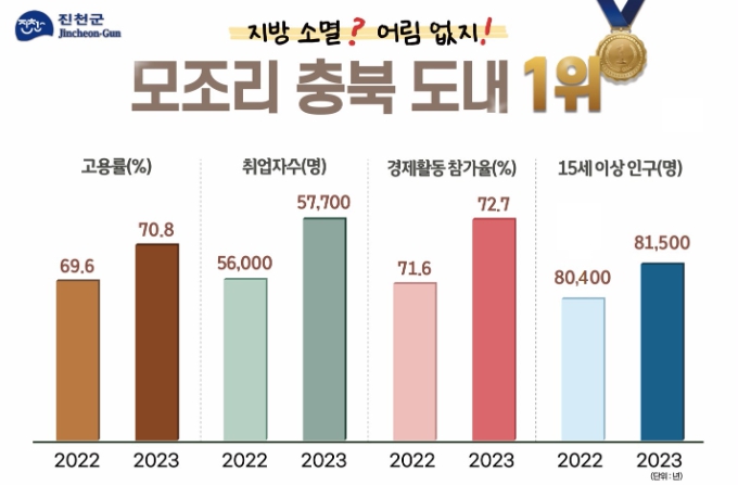 청년(15~29세) 고용률 역시 49.9%로 충북 도내 1위를 달성했으며, 고용률 외에도 진천군의 탄탄한 일자리 관련 지표는 여러 곳에서 확인할 수 있다.
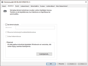 Voit jakaa tulostimen toista Windows-versiota käyttävän käyttäjän kanssa napsauttamalla [Lisäohjaimet].
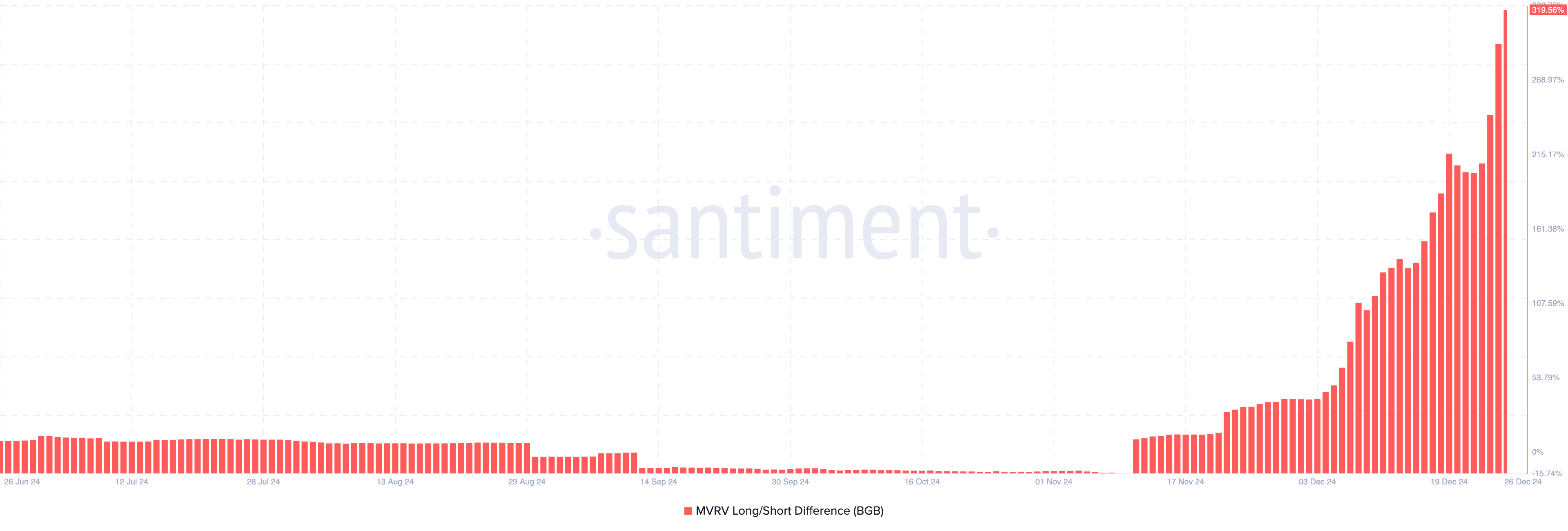 Кейбіреулер үшін бұл BGB тарихи максимумы нарықтың шыңының белгісі болуы мүмкін. Алайда, Santiment-тен алынған тізбектегі деректер бұл олай болмауы мүмкін екенін көрсетеді. Бұл тезисті қолдайтын бір көрсеткіш – Нарықтық Құнның Реализацияланған Құнға (MVRV) Ұзақ/Қысқа Айырмашылығы.
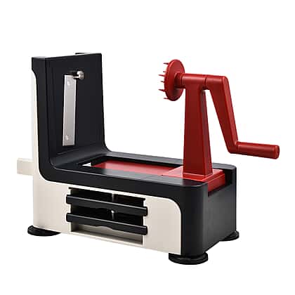 Introducing the Trudeau spiral slicer, the ultimate kitchen tool for anyone who loves to cook healthy and delicious meals. This innovative slicer turns ordinary vegetables into long, thin, spiral strands perfect for salads, stir-fries, and more. Its compact design and easy-to-use crank make it a breeze, while its high-quality stainless steel blades ensure long-lasting performance. So whether you're looking to cut down on carbs, add more veggies to your diet, or get creative in the kitchen, the Trudeau Spiral Slicer is the perfect tool. Order yours today and experience the magic of spiralising for yourself!
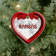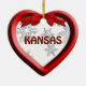 Un diseño gráfico de copos de nieve en un marco rojo estilo 3D en forma de corazón en el adorno navideño de Kansas. El ornamento tiene plantillas de texto para su personalización. ©2012charmainepaulson
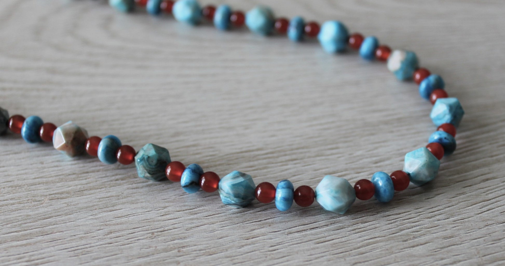 Blue Crazy Lace Agate Star Cut beads and rondelles. Carnelian round beads. Lobster Clasp 19"
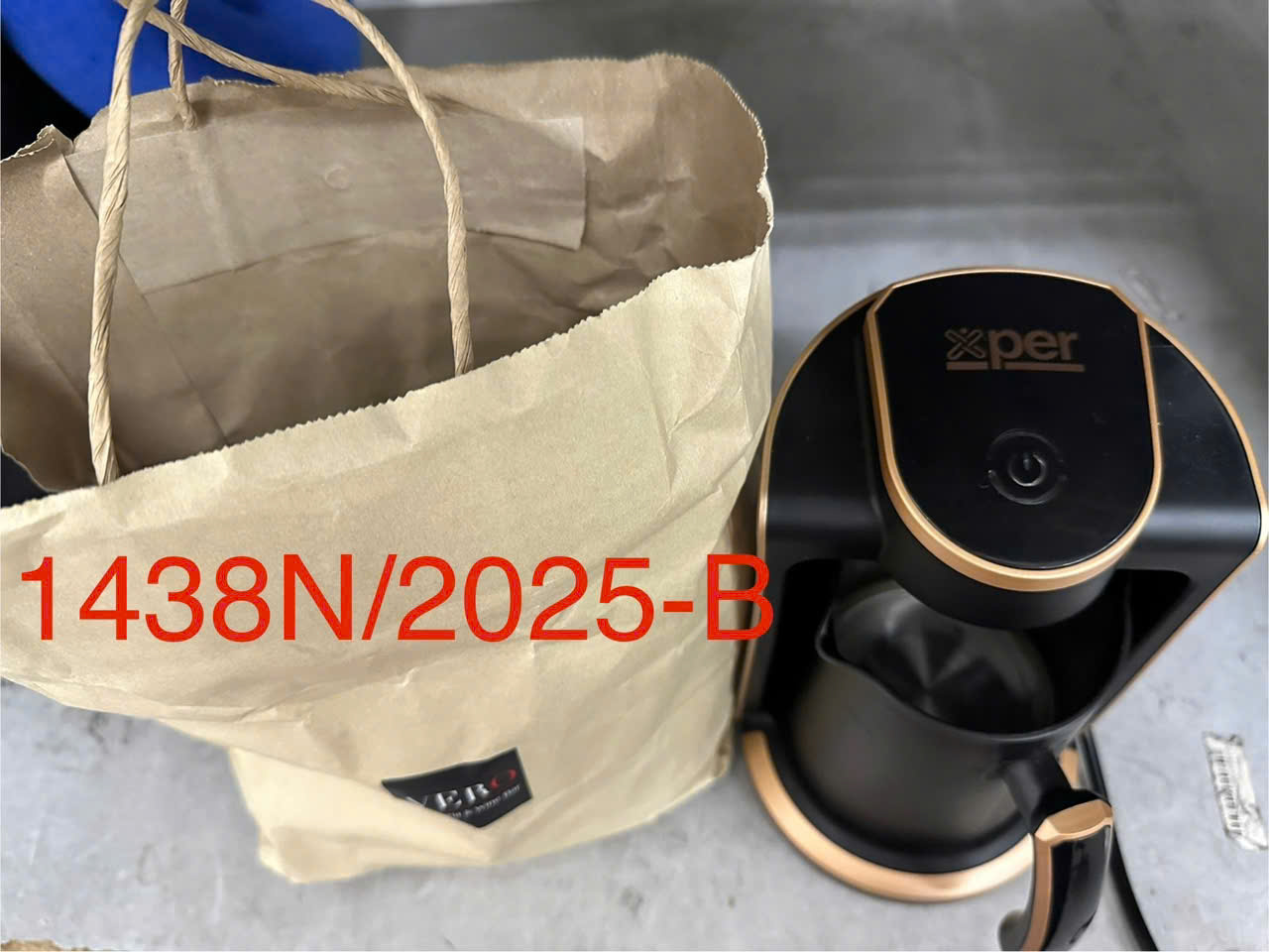 Ngày tiếp nhận: 06/8/2025 Mã hồ sơ: 1438N2025B Mô tả: 01 Túi giấy vàng: 01 Máy pha cà phê mini. |
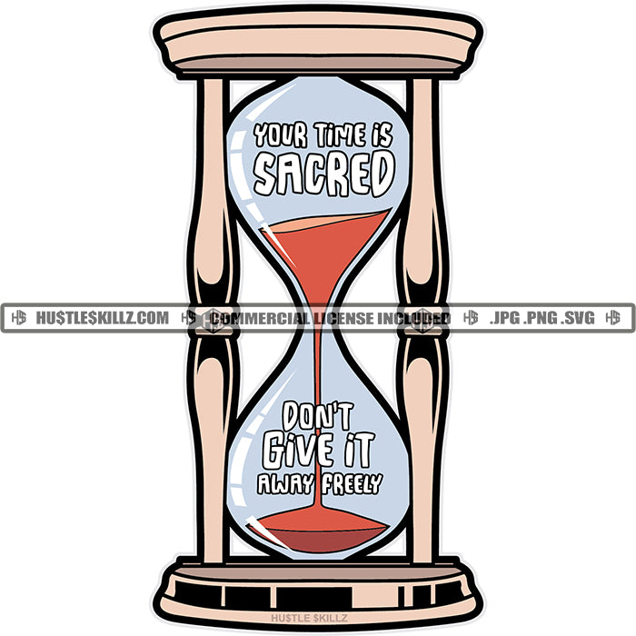 Your Time Is Sacred Don't Give It Away Preely Color Quote House Glass Time Timer Clock Hour Minutes Grind Hustle Vector White Background Design Element
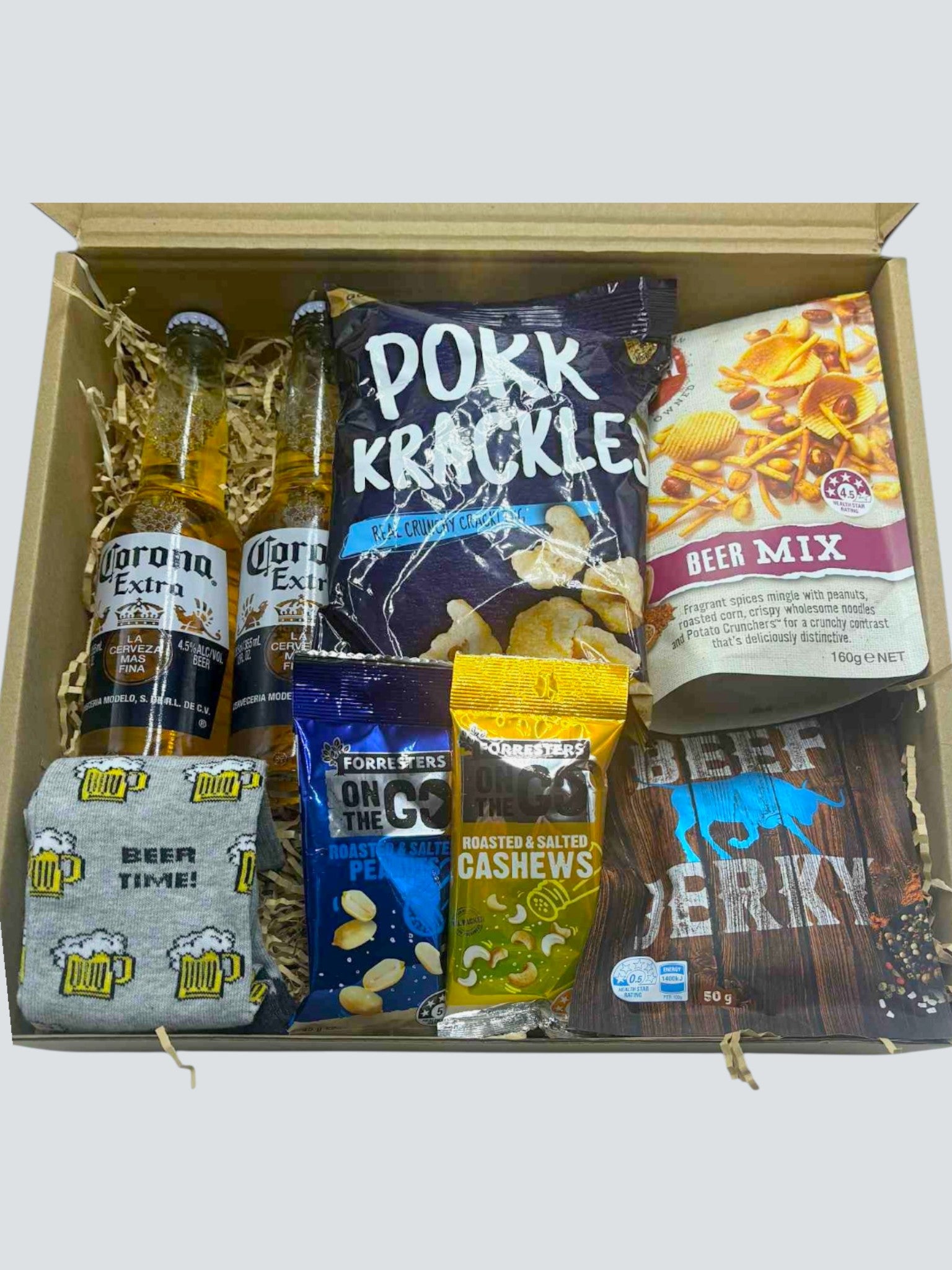 Beer Bottles x2, Pork Crackle (50g), Bhuja Beer Mix (160g), Beef Jerky Original (50g), Salted Peanuts and Cashews x2 (45g), Packet of socks. Presented in a Gift Box. (Contact us directly for different beer selection).

Task requirements:
Transcribe the listing above exactly, but only from the line with "Blue Crazy Lace" through the line with "Ngày tiếp nhận: 06/8/2025". Include both of those lines and omit the pictures.

Answer:
 Blue Crazy Lace Agate Star Cut beads and rondelles. Carnelian round beads. Lobster Clasp 19"
 Ngày tiếp nhận: 06/8/2025 Mã hồ sơ: 1438N2025B Mô tả: 01 Túi giấy vàng: 01 Máy pha cà phê mini. |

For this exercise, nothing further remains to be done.